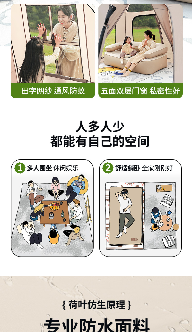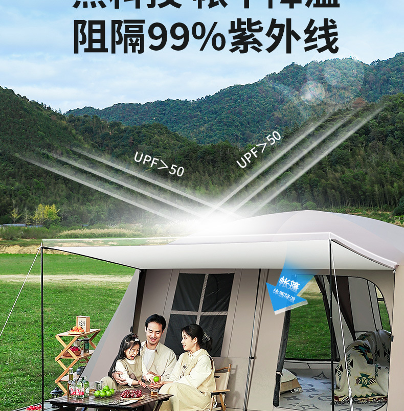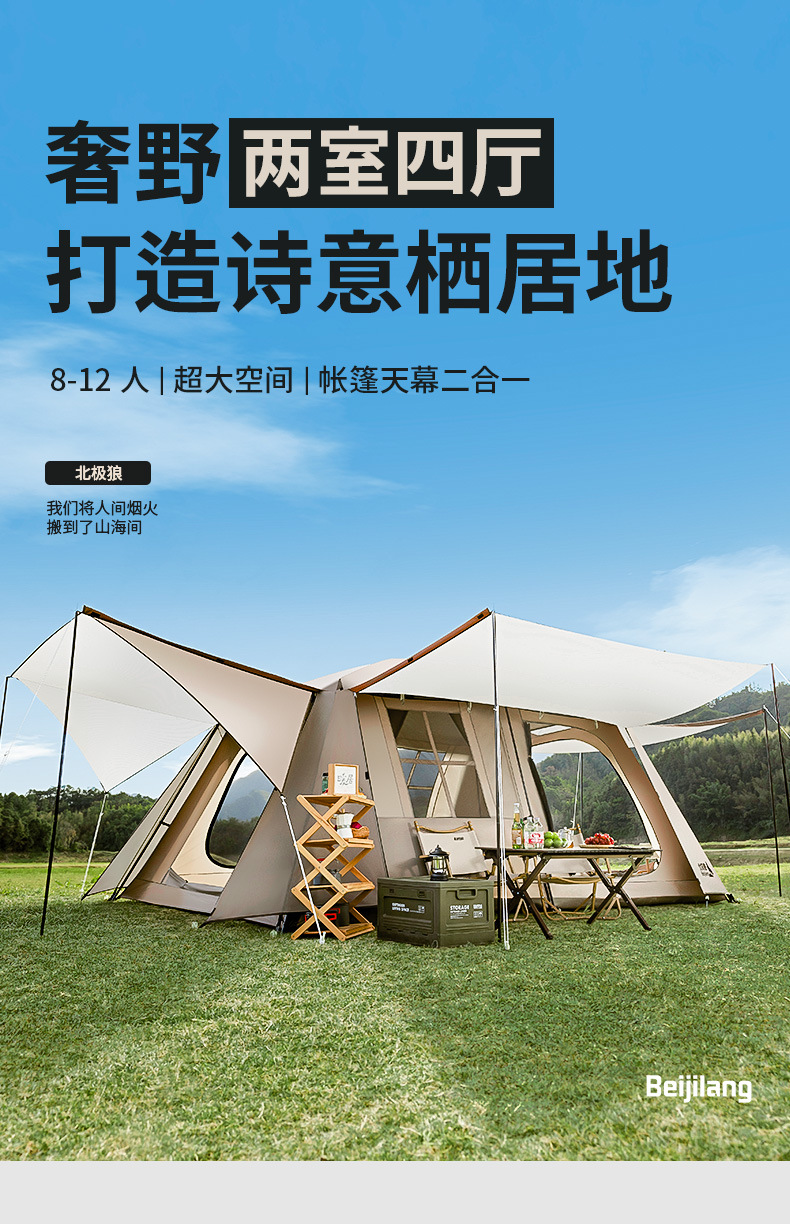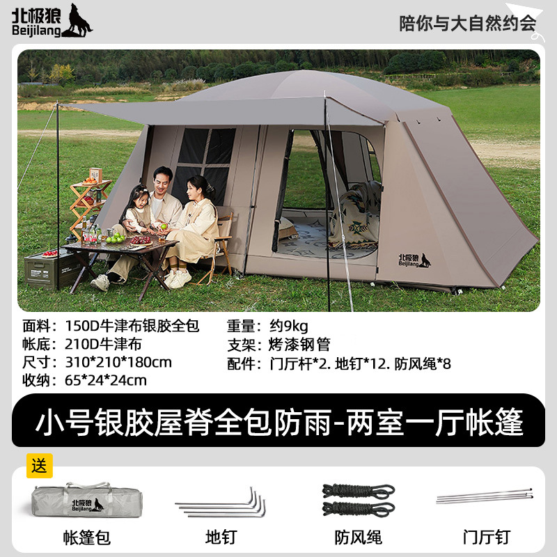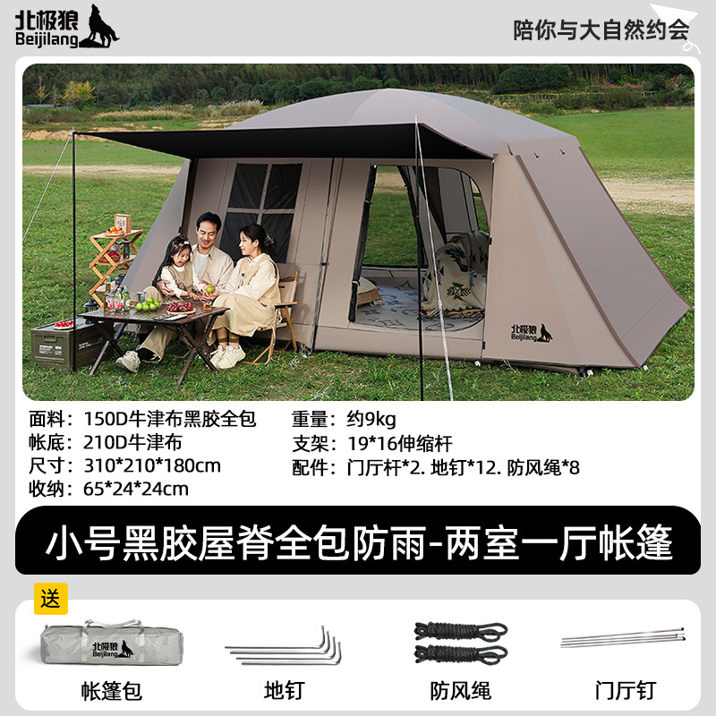 텐트 야외 캠핑 장비 공급 검은 고무 지붕 13 선 스크린 및 방비 2 개의 객실과 1 개의 홀 캠핑 하룻밤 텐트
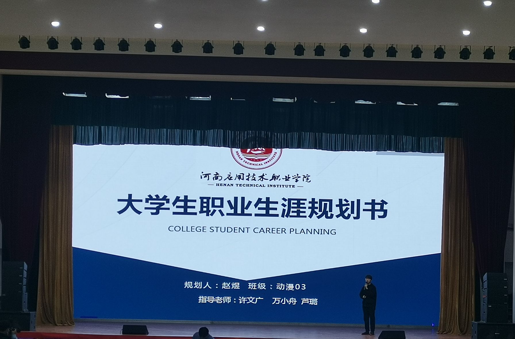 leyu乐鱼官方网站经过前期层层筛选,最终朱海博、赵煜两名同学脱颖而出,代表我院站到了职业生涯规划大赛决赛的舞台。为确保比赛圆满顺利,两位选手在我院领导、老师的协助下进行备赛工作,认真准备PPT、演讲稿、情景剧的排练,对比赛做了万全的准备。
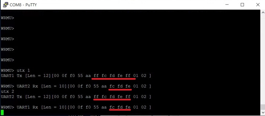 Looping UART1 & UART2 and sent data from one UART and receive other UART.
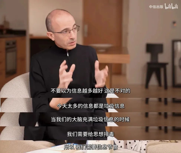 在访谈的后半部分,赫拉利也给出了自己的建议,如何应对这个时代海啸一般的信息洪流?这里面还大部分都是泥沙。
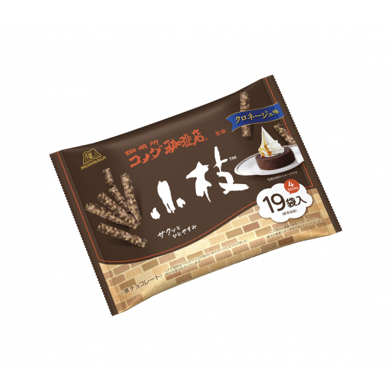 チョコレートと焙煎アーモンド、2種類のパフの絶妙な食感と味わいが楽しめる枝の形のチョコレートです。具材のサクサク感がアップしました。
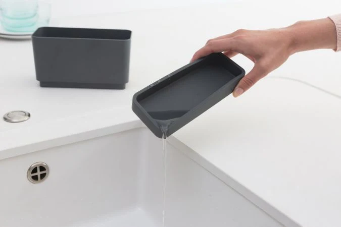 Con este organizador Sinkside de Brabantia para fregadero podrás guardar tus utensilios con estilo. No te dejes engañar por su diseño compacto; tiene espacio suficiente para guardar los estropajos, bayetas, cepillos para lavar platos y mucho más. Los utensilios se sostienen hacia arriba gracias a su fondo acanalado. Tiene también una bandeja recogegotas independiente y de silicona que es antideslizante, para que no se mueva de su sitio. ¡Un auténtico tesoro!
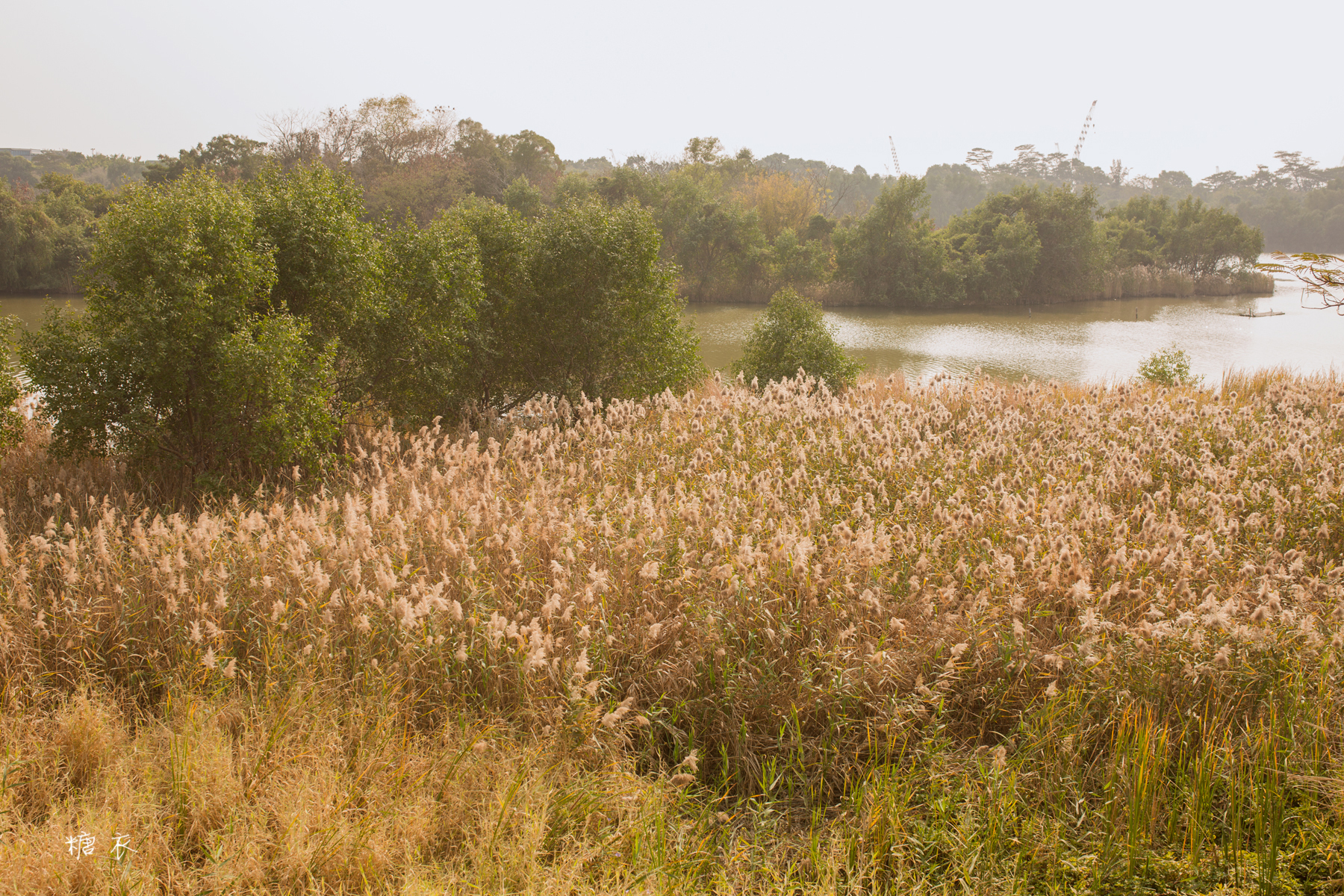 秋日公园里的芦苇也美得像一幅油画。
━━━
(PROBLEM TO SOLVE): Write the records out again verbatim and omit the pictures they contain.

(OUTPUT FOR THIS TASK):
 텐트 야외 캠핑 장비 공급 검은 고무 지붕 13 선 스크린 및 방비 2 개의 객실과 1 개의 홀 캠핑 하룻밤 텐트
 leyu乐鱼官方网站经过前期层层筛选,最终朱海博、赵煜两名同学脱颖而出,代表我院站到了职业生涯规划大赛决赛的舞台。为确保比赛圆满顺利,两位选手在我院领导、老师的协助下进行备赛工作,认真准备PPT、演讲稿、情景剧的排练,对比赛做了万全的准备。
 Looping UART1 & UART2 and sent data from one UART and receive other UART.
 在访谈的后半部分,赫拉利也给出了自己的建议,如何应对这个时代海啸一般的信息洪流?这里面还大部分都是泥沙。
 チョコレートと焙煎アーモンド、2種類のパフの絶妙な食感と味わいが楽しめる枝の形のチョコレートです。具材のサクサク感がアップしました。
 Con este organizador Sinkside de Brabantia para fregadero podrás guardar tus utensilios con estilo. No te dejes engañar por su diseño compacto; tiene espacio suficiente para guardar los estropajos, bayetas, cepillos para lavar platos y mucho más. Los utensilios se sostienen hacia arriba gracias a su fondo acanalado. Tiene también una bandeja recogegotas independiente y de silicona que es antideslizante, para que no se mueva de su sitio. ¡Un auténtico tesoro!
 秋日公园里的芦苇也美得像一幅油画。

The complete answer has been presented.